|
Examples / UNION.RPF |
UNION.RPF is an example of estimation of probit, logit and linear probability models. This is adapted from Johnston and DiNardo(1997), pp 415-425. It analyzes the probability of union membership using a sample of 1000 individuals.

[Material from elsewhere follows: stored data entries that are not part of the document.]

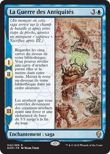 | Rules | (As this Saga enters and after your draw step, add a lore counter. Sacrifice after III.) I, II — Look at the top five cards of your library. You may reveal an artifact card from among them and put it into your hand. Put the rest on the bottom of your library in a random order. III — Artifacts you control become artifact creatures with base power and toughness 5/5 until end of turn. |
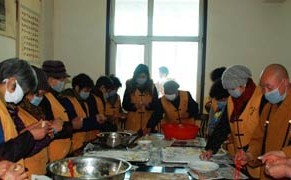 为敬老院的130位老人包新年饺子。(图片来源:凤凰网华人佛教)
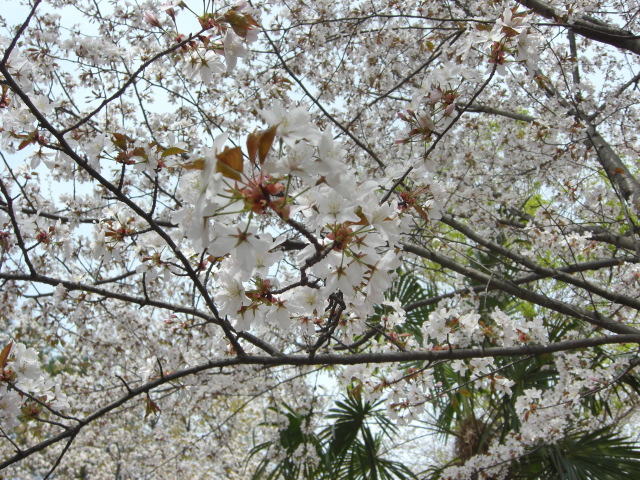 公園の桜は満開でした。
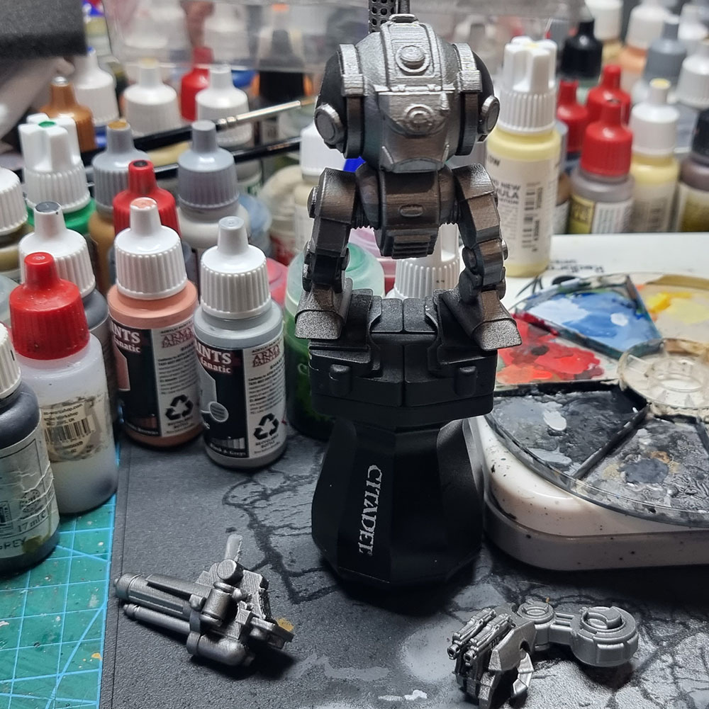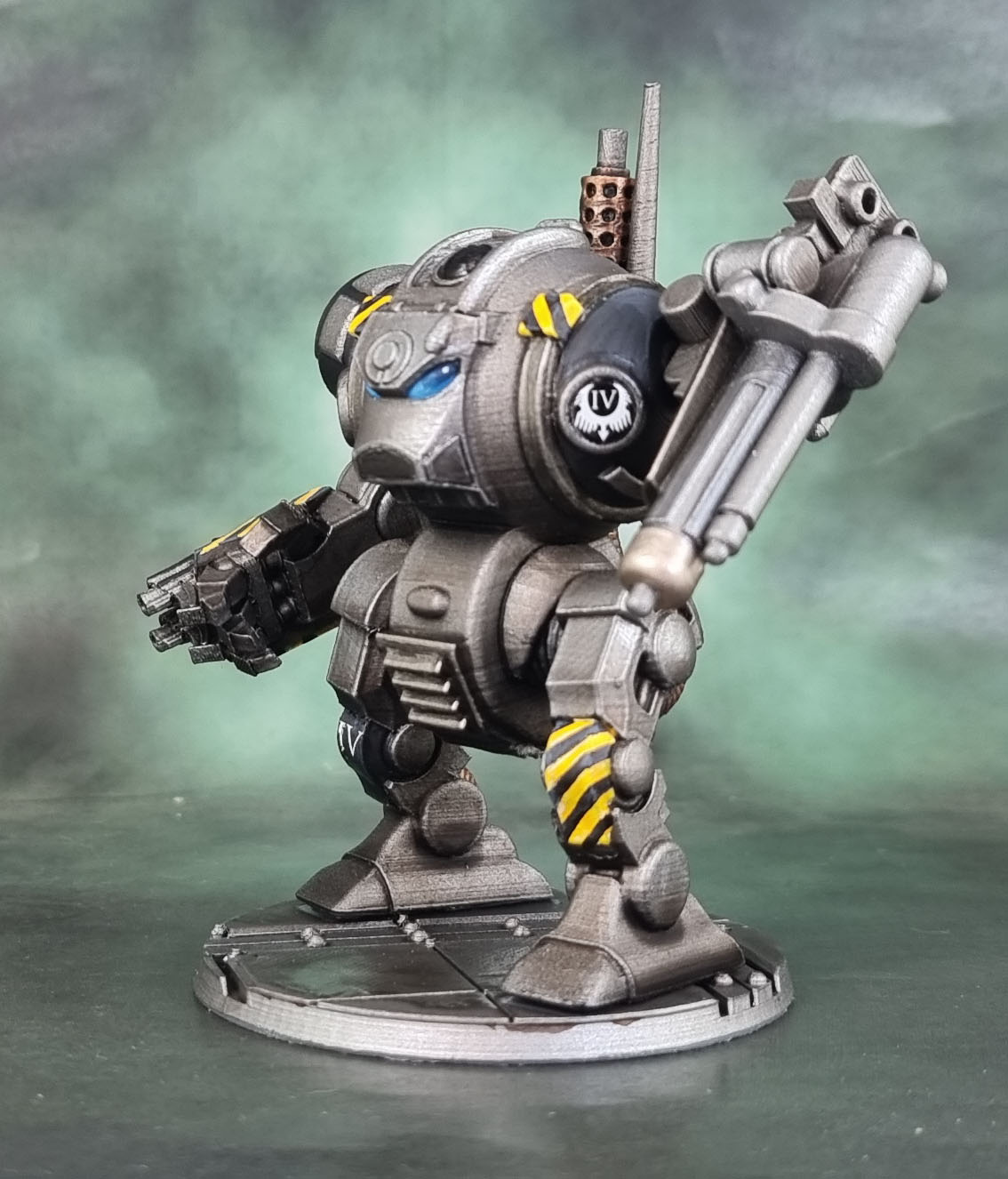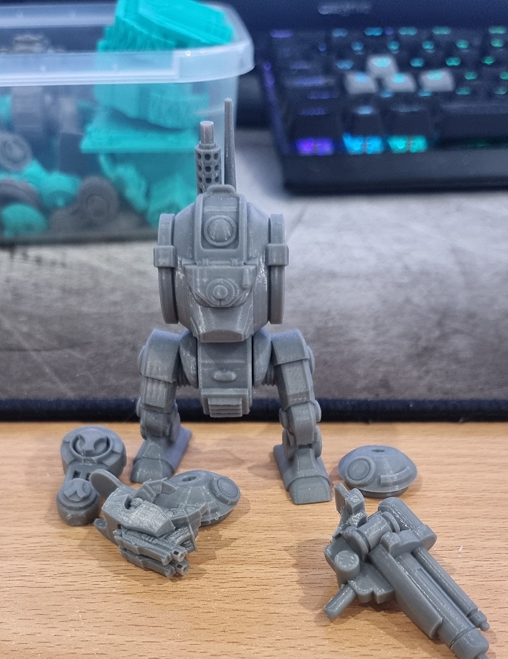 After looking around online, I decided to print it at 115% as people had suggested – at that enhanced size it fits more with the current Contemptor models, which is what people tend to use these as. I guess in a 40k situation it’d be a Hellbrute, but 40k has really messed up the whole Dreadnought situation pretty badly with their model/range culls of recent times. As someone who hasn’t actually played for far too long and has no interest in competitive play, IDGAF so I’ll just use it as whatever whenever I get back to friendly games.

This first does a comparison of basic statistics for subsamples of union members and non-union members:
table(smpl=union,title="Statistics for Union Members") / $
potexp exp2 grade married high
table(smpl=.not.union,title="Statistics for Non-Union Members") / $
potexp exp2 grade married high
This fits a linear probability model and does a histogram of the predicted “probabilities”. (An LPM doesn't constrain the predictions to the \([0,1]\) range.) DENSITY with the option HISTOGRAM handles the counts for the histogram.
linreg union
# potexp exp2 grade married high constant
prj fitlp
density(type=histogram) fitlp / gx fx
scatter(style=bargraph,$
header="Histogram of Predicted Values from a LPM")
# gx fx
DDV estimates a probit model and shows a scatter graph of the predicted probabilities of the probit (computed using PRJ using the results of the probit estimation) vs. the LPM. The LINES=||0.0,1.0|| option on SCATTER puts a 45 degree line on the graph.
ddv(dist=probit) union
# potexp exp2 grade married high constant
prj(dist=probit,cdf=fitprb)
scatter(style=dots,lines=||0.0,1.0||,$
header="Probit vs Linear Probability Model",$
hlabel="Predicted Probability(Probit)",$
vlabel="Predicted Probability(LP)")
# fitprb fitlp
This evaluates the predicted effect of switching industries on individuals currently in low union industries. This is done by evaluating the predicted probabilities with the value of “high” turned on for all the individuals, then knocking out of the sample those who were already in a high union industry. The predicted probabilities are obtained by “dotting” the coefficients with the required set of variables, then evaluating the normal CDF (%CDF) at those values.
set z = %dot(%beta,||potexp,exp2,grade,married,1,1||)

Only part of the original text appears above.